# Required work
Only the lines from the one with "专精特新城市分布 top50,深圳厉害,北京上海也是功力深厚,但苏州还是牢牢站稳了 top5" through the end of the data below belong in the answer, restated word for word, pictures excluded.

▽

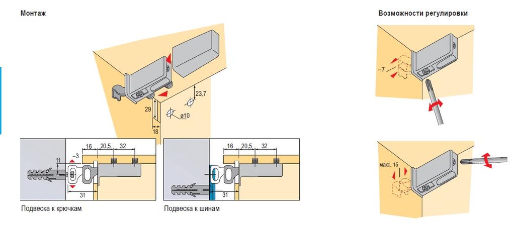 Не допускается установка без отдельных подвесов дополнительных элементов мебели на шкафы, например антресолей.
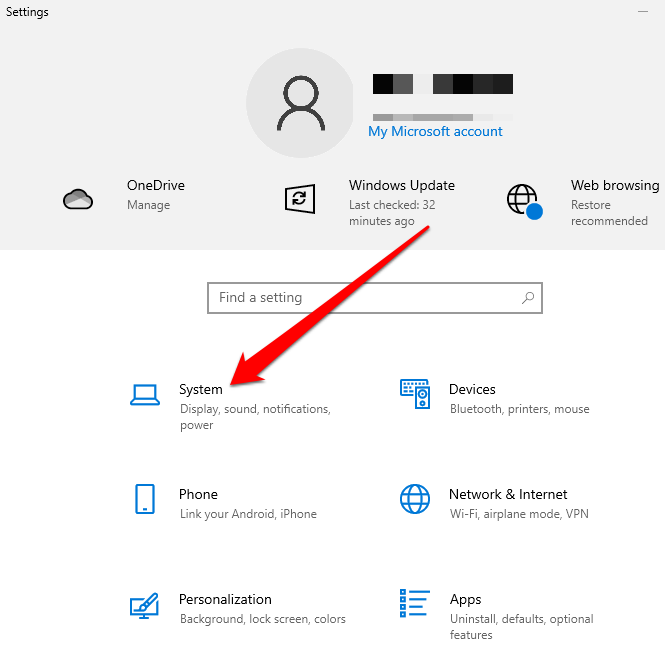 - حدد البدء > الإعدادات > النظام .
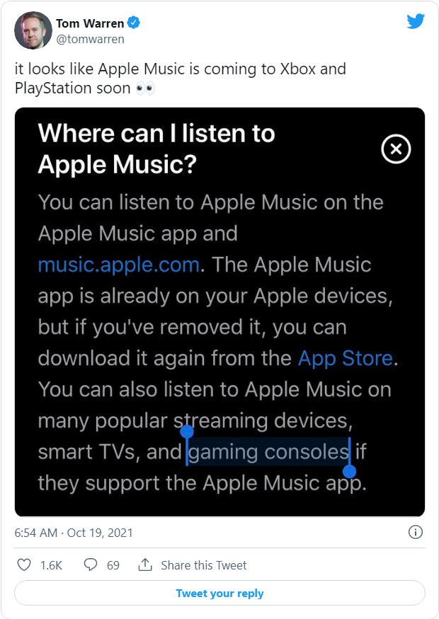 有趣的是,苹果后来再次更新了这个网页,但这次删除了关于 Apple Music 应用在游戏机上可用的说法。虽然苹果没有提到具体的设备,但 Apple Music 应用很可能会在 PlayStation 5 、Xbox Series X 等主机上发布。
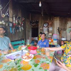 Johnny nas pelje do hiše svojega bratranca, ki je skrita v gozdu, med poljem popra in majhnim ribnikom. Povesta nama, da je pridelava popra precej popularna za Sarawak, izvažajo tako beli kot črniLeggi altro
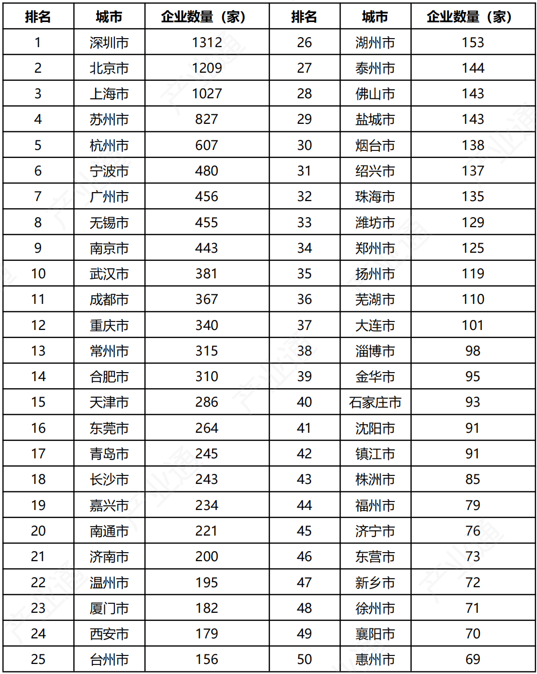 专精特新城市分布 top50,深圳厉害,北京上海也是功力深厚,但苏州还是牢牢站稳了 top5 的位置,杭州也不错,看来不止有六小龙。宁波是老牌的专精特新之城,我最熟悉的广州排在第七。西部的重庆成都和中部的合肥都进入了前十五。东北最靠前的是大连和沈阳,也是唯一进入到 top50 的。江苏的优等生是最多。(数据来自上奇)
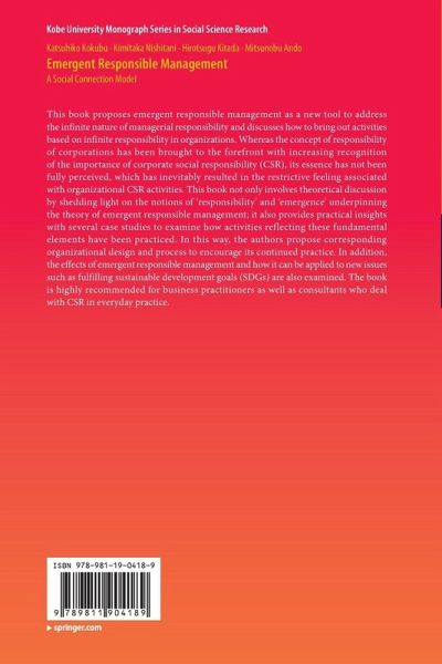 This book proposes emergent responsible management as a new tool to address the infinite nature of managerial responsibility and discusses how to bring out activities based on infinite responsibility in organizations. Whereas the concept of responsibility of corporations has been brought to the forefront with increasing recognition of the importance of corporate social responsibility (CSR), its essence has not been fully perceived, which has inevitably resulted in the restrictive feeling associated with organizational CSR activities. This book not only involves theoretical discussion by shedding light on the notions of 'responsibility' and 'emergence' underpinning the theory of emergent responsible management; it also provides practical insights with several case studies to examine how activities reflecting these fundamental elements have been practiced. In this way, the authors propose corresponding organizational design and process to encourage its continued practice. In addition, the effects of emergent responsible management and how it can be applied to new issues such as fulfilling sustainable development goals (SDGs) are also examined. The book is highly recommended for business practitioners as well as consultants who deal with CSR in everyday practice.

△

# Result of the exercise
 专精特新城市分布 top50,深圳厉害,北京上海也是功力深厚,但苏州还是牢牢站稳了 top5 的位置,杭州也不错,看来不止有六小龙。宁波是老牌的专精特新之城,我最熟悉的广州排在第七。西部的重庆成都和中部的合肥都进入了前十五。东北最靠前的是大连和沈阳,也是唯一进入到 top50 的。江苏的优等生是最多。(数据来自上奇)
 This book proposes emergent responsible management as a new tool to address the infinite nature of managerial responsibility and discusses how to bring out activities based on infinite responsibility in organizations. Whereas the concept of responsibility of corporations has been brought to the forefront with increasing recognition of the importance of corporate social responsibility (CSR), its essence has not been fully perceived, which has inevitably resulted in the restrictive feeling associated with organizational CSR activities. This book not only involves theoretical discussion by shedding light on the notions of 'responsibility' and 'emergence' underpinning the theory of emergent responsible management; it also provides practical insights with several case studies to examine how activities reflecting these fundamental elements have been practiced. In this way, the authors propose corresponding organizational design and process to encourage its continued practice. In addition, the effects of emergent responsible management and how it can be applied to new issues such as fulfilling sustainable development goals (SDGs) are also examined. The book is highly recommended for business practitioners as well as consultants who deal with CSR in everyday practice.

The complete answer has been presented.